In this meta-analysis, the second most significant AEs was pancreatitis. Unfortunately,
it was not possible to classify the severity of the AEs evaluated due to the scarcity
of data provided. In the updated ESGE Guideline on ERCP-related AEs, pancreatic duct
stenting, rectal nonsteroidal anti-inflammatory drugs, and high-volume hydration were
recommended to prevent post-ERCP pancreatitis [1 ]
[38 ]. These recommendations can also be applied to patients after EP to decrease the
risk of post-ERCP pancreatitis. In a subgroup analysis, including three studies involved
in the meta-analysis, there were six cases (13%) of pancreatitis among the 44 patients
who used prophylactic stents, representing a significant rate of events. However,
it was not possible to carry out a comparative analysis with the group of patients
who did not use a stent due to the lack of data.
In addition to the limitations already discussed, our study has other relevant limitations.
The most important is the small number of studies and patients included in the analysis.
However, the reason for that is the lack of large studies on this subject, and we
performed the analysis with the available data. Also, as it is an approach that has
emerged in recent years, no randomized clinical trials and cohort studies are available,
contributing to the high risk of bias in all the included studies. Furthermore, while
some studies conduct RFA for patients with residual lesions shortly after papillectomy,
others address patients with either residual or recurrent lesions. However, the lack
of standardization in defining recurrence across these studies presents another limitation.
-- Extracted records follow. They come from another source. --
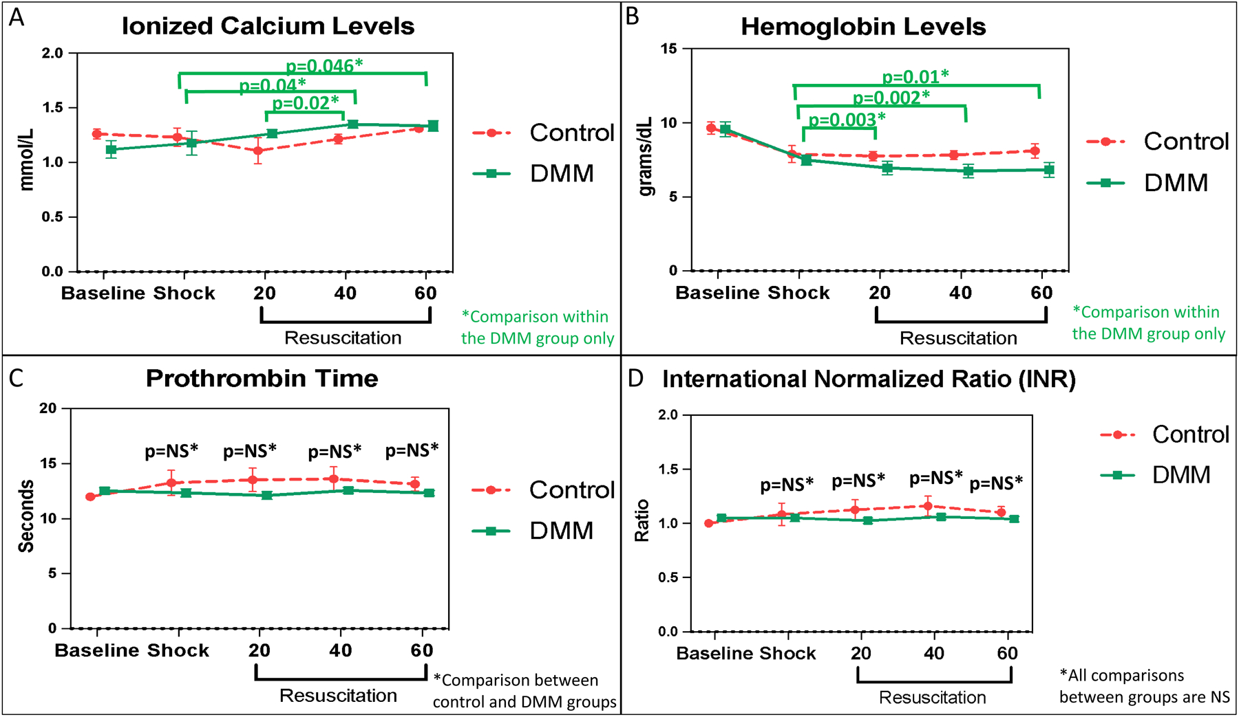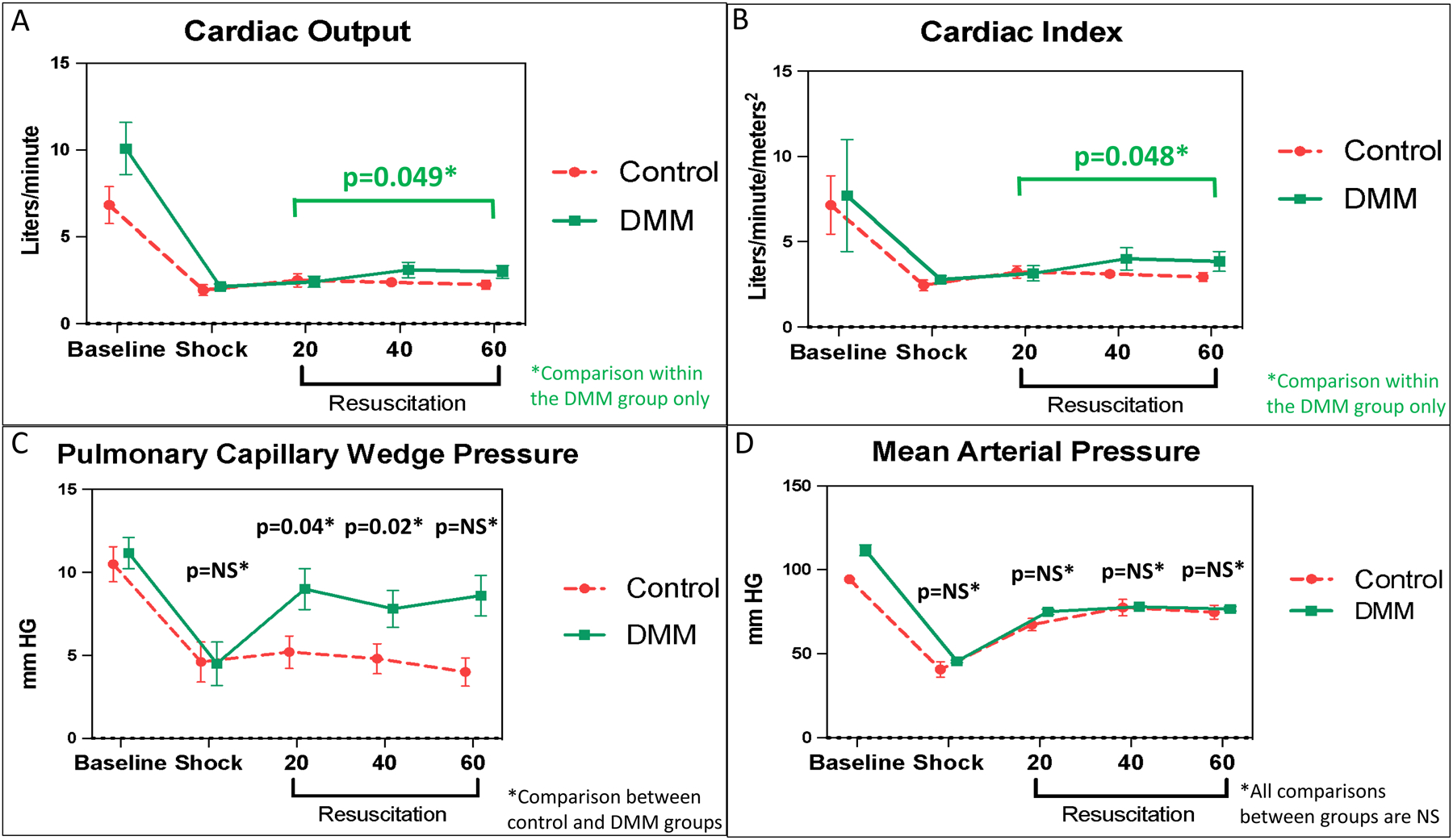 SI levels increased from baseline to the 20-minute RES point in control, while the DMM cohort remained unchanged. The DMM group required less IV fluid to maintain a MAP above 60 (450.0 vs. 229.0 mL, p=0.01). The DMM group had higher pulmonary capillary wedge pressure at the 20 and 40-minute RES points. The DMM group had better recovery of cardiac output and index during RES, while the control had no improvement. While lactate levels were similar, DMM may lead to increased ionized calcium levels.
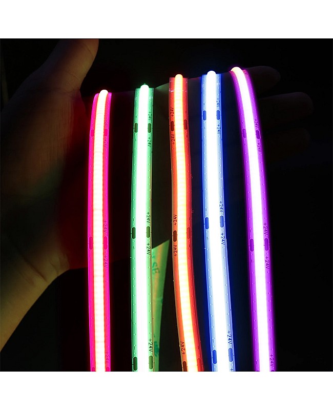 The COB LED strips utilize advanced chip-on-board (COB) technology, providing ultra-smooth, uniform illumination without visible light dots. They are ideal for applications where seamless, professional-grade lighting is needed in residential and commercial settings. They use 1022 chips as the light source and 480 LEDs per meter for high-density, vibrant lighting. There are various emitting color products available, including warm white, white, and cool white. 12V and 24V products are optional. They work with LED dimmers to adjust the brightness. The dotless LED strip is cuttable; the minimum cutting length of the 12V version is 25mm, and the 24V versions can be cut every 50mm. There are two levels of waterproof products available: IP20, which is non-waterproof, and IP67 silicone tube waterproof. The IP20 is not waterproof and should only be used in dry environments. The IP67 waterproof COB strip lights are suitable for use in wet environments and outdoors. The back of the IP20 ones has double-sided adhesive tape for quick mounting. The IP67 silicone tube LED COB strips can be mounted with silicone clips. You can connect the Mean Well dimmable power supply to light up and adjust the brightness conveniently. The color rendering index can reach 90, making it ideal for various indoor and outdoor linear lighting projects, with excellent efficiency and color consistency, to provide an incredibly bright and comfortable visual experience.
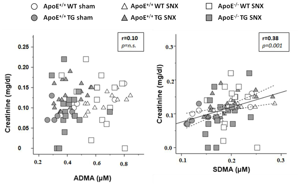 In all of the three treatment groups, mice overexpressing DDAH1 had markedly lower plasma ADMA levels (35%–50% lower versus wild-type (WT) mice; Table 1, Figure 1). Intriguingly, neither SNX nor ApoE-deficiency with SNX was associated with elevated ADMA levels. Thus, within WT and TG mice of different treatment groups, ADMA levels were very similar (Table 1, Figure 1). SDMA levels were only slightly elevated in SNX mice, and the increase was only observed in DDAH1 TG mice that overall had lower SDMA levels than respective WT littermates (Table 1). In WT mice, SDMA levels were similar in sham versus SNX treated mice (Table 1). Plasma l-arginine levels did not differ between treatment groups and genotypes. Accordingly, the l-arginine/ADMA ratio was significantly elevated in mice overexpressing DDAH1. Since SDMA is not metabolized by DDAH enzymes, we observed a significant correlation between serum creatinine levels and SDMA, but not ADMA (Figure 2). As previously shown [14], ADMA levels measured by the use of an ELISA assay were slightly higher compared to those obtained with LC-MS (see Table 1). Overall, there was a robust correlation of ADMA levels detected with either method (r = 0.82, p = 0.0001).
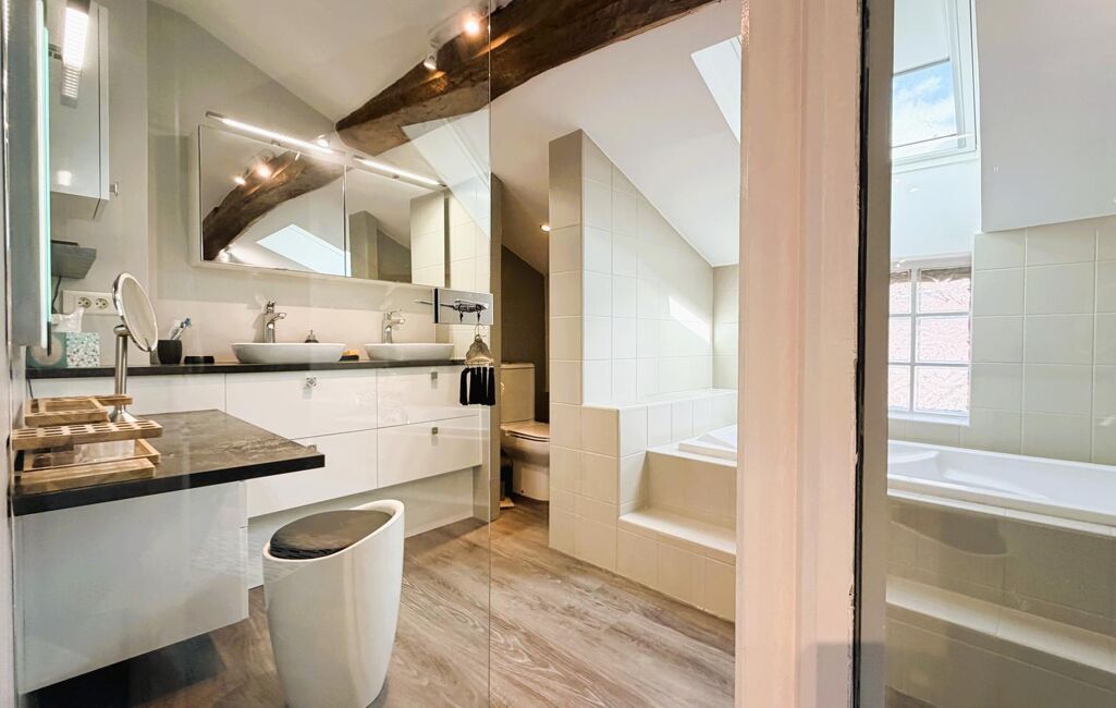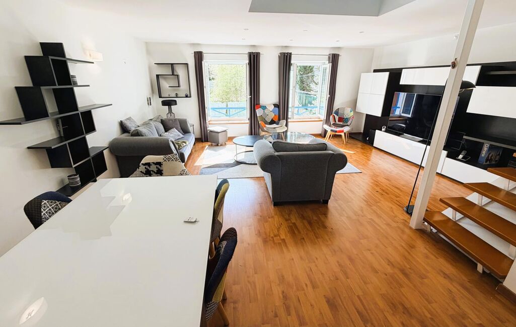 Dans une résidence intimiste, au 2emé étage en duplex, appartement atypique. pièce de vie, ouvert sur le salon/séjour avec cuisine équipée, cellier/buanderie, Wc séparée, salle d'eau. A l'étage nous avons un espace bureau, une chambre-salon TV, une suite parentale avec dressing et salle de bains (Wc,Baignoire et douche)

This inconsistency impedes a thorough assessment of RFA efficacy for each specific
situation separately. Relevant data such as the number of radiofrequency sessions
performed on each patient, the use of combined therapy involving argon plasma coagulation,
and the correlation between the type of stent and incidence of pancreatitis or bile
duct narrowing were only reported in some studies, which precludes a more detailed
analysis.
In summary, this study showed that using RFA for residual lesions after EP has a significant
clinical success rate, although it reveals a high rate of AEs. These events may be
associated with factors such as the absence of prophylactic biliary or pancreatic
stents. With our results, we believe this method may become the gold standard technique
to avoid complex surgeries with a high rate of complications, such as pancreaticoduodenectomy.
Despite the high rate of AEs revealed in our meta-analysis, most of them were mild
and self-limited, and they become less relevant when comparing surgery-related complications.
Conclusions
RFA is feasible and appears to be effective for managing residual lesions after EP.
However, long-term follow-up and high-quality studies are required to confirm our
findings. In
addition, to improve safety before disseminating this therapy, we should carefully
assess the
high rate of AEs related to RFA after EP.